Beware that some optimizations that involve passing arguments to functions through registers may make those functions unsuitable to be called from external (and particularly hand-written assembly) routines in the standard way; the "asmlinkage" attribute may prevent a routine to be concerned by such optimization flag; see the linux kernel sources for examples.

GAS

GAS has some macro capability included, as detailed in the texinfo docs. Moreover, while GCC recognizes .s files as raw assembly to send to GAS, it also recognizes .S files as files to pipe through CPP before to feed them to GAS. Again and again, see Linux sources for examples.

GASP

It adds all the usual macroassembly tricks to GAS. See its texinfo docs.

NASM

NASM has some macro support, too. See according docs. If you have some bright idea, you might wanna contact the authors, as they are actively developing it. Meanwhile, see about external filters below.

AS86

It has some simple macro support, but I couldn't find docs. Now the sources are very straightforward, so if you're interested, you should understand them easily. If you need more than the basics, you should use an external filter (see below).

OTHER ASSEMBLERS

4.2 External Filters

Whatever is the macro support from your assembler, or whatever language you use (even C !), if the language is not expressive enough to you, you can have files passed through an external filter with a Makefile rule like that:


%.s:    %.S other_dependencies
        $(FILTER) $(FILTER_OPTIONS) < $< > $@

CPP

CPP is truely not very expressive, but it's enough for easy things, it's standard, and called transparently by GCC.
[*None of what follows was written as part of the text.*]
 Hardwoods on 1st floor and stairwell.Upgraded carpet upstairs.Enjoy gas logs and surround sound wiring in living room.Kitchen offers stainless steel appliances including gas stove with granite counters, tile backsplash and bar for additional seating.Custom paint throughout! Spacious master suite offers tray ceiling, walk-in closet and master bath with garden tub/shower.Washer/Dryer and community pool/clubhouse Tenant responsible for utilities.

As an example of its limitations, you can't declare objects so that destructors are automatically called at the end of the declaring block; you don't have diversions or scoping, etc.

CPP comes with any C compiler. If you could make it without one, don't bother fetching CPP (though I wonder how you could).

M4

M4 gives you the full power of macroprocessing, with a Turing equivalent language, recursion, regular expressions, etc. You can do with it everything that CPP cannot.
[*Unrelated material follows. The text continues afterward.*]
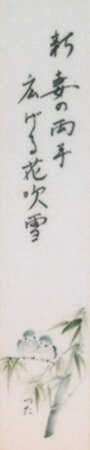 俳句と日本画の取合せの妙を楽しんでいます。 よく訊かれます、画題と俳題は一致しないのですか、と。観念的なつながりはあっても、同じにしない、ダブらせないところに味わいが生まれるとされます。 絵は筆勢を重んじます。重ねてなぞってはいけないとされています。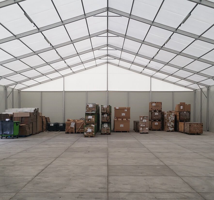 ¿Cómo podemos apoyar óptimamente a tu empresa? ¿Necesitas espacio de almacenamiento para maquinaria pesada o productos sensibles a la temperatura? ¿Quizás estás considerando un showroom temporal en tu terreno donde tus clientes puedan echar un vistazo tranquilamente, o necesitas un espacio para una tienda pop-up o una cubierta para piscina? En Donselaar Structures ofrecemos la carpa que se ajusta perfectamente a tus necesidades. Nuestras carpas totalmente aisladas son ideales para el almacenamiento sensible a la temperatura y como ubicación de tienda temporal. Con aislamiento de alta calidad tanto en el techo como en las paredes y calefacción opcional, garantizamos un ambiente confortable, incluso durante los meses más fríos.

See macro4th/This4th from ftp://ftp.forth.org/pub/Forth/ in Reviewed/ ANS/ (?), or the Tunes 0.0.0.25 sources as examples of advanced macroprogramming using m4.

However, its disfunctional quoting and unquoting semantics force you to use explicit continuation-passing tail-recursive macro style if you want to do advanced macro programming (which is remindful of TeX -- BTW, has anyone tried to use TeX as a macroprocessor for anything else than typesetting ?). This is NOT worse than CPP that does not allow quoting and recursion anyway.

The right version of m4 to get is GNU m4 1.4 (or later if exists), which has the most features and the least bugs or limitations of all. m4 is designed to be slow for anything but the simplest uses, which might still be ok for most assembly programming (you're not writing million-lines assembly programs, are you?).

Macroprocessing with yer own filter

You can write your own simple macro-expansion filter with the usual tools: perl, awk, sed, etc. That's quick to do, and you control everything. But of course, any power in macroprocessing must be earned the hard way.

Metaprogramming

Instead of using an external filter that expands macros, one way to do things is to write programs that write part or all of other programs.

For instance, you could use a program outputing source code

Think about it!

Backends from existing compilers

Compilers like SML/NJ, Objective CAML, MIT-Scheme, etc, do have their own generic assembler backend, which you might or not want to use, if you intend to generate code semi-automatically from the according languages.

The New-Jersey Machine-Code Toolkit

There is a project, using the programming language Icon, to build a basis for producing assembly-manipulating code. See around http://www.cs.virginia.edu/~nr/toolkit/

Tunes

The Tunes OS project is developping its own assembler as an extension to the Scheme language, as part of its development process. It doesn't run at all yet, though help is welcome.

The assembler manipulates symbolic syntax trees, so it could equally serve as the basis for a assembly syntax translator, a disassembler, a common assembler/compiler back-end, etc. Also, the full power of a real language, Scheme, make it unchallenged as for macroprocessing/metaprograming.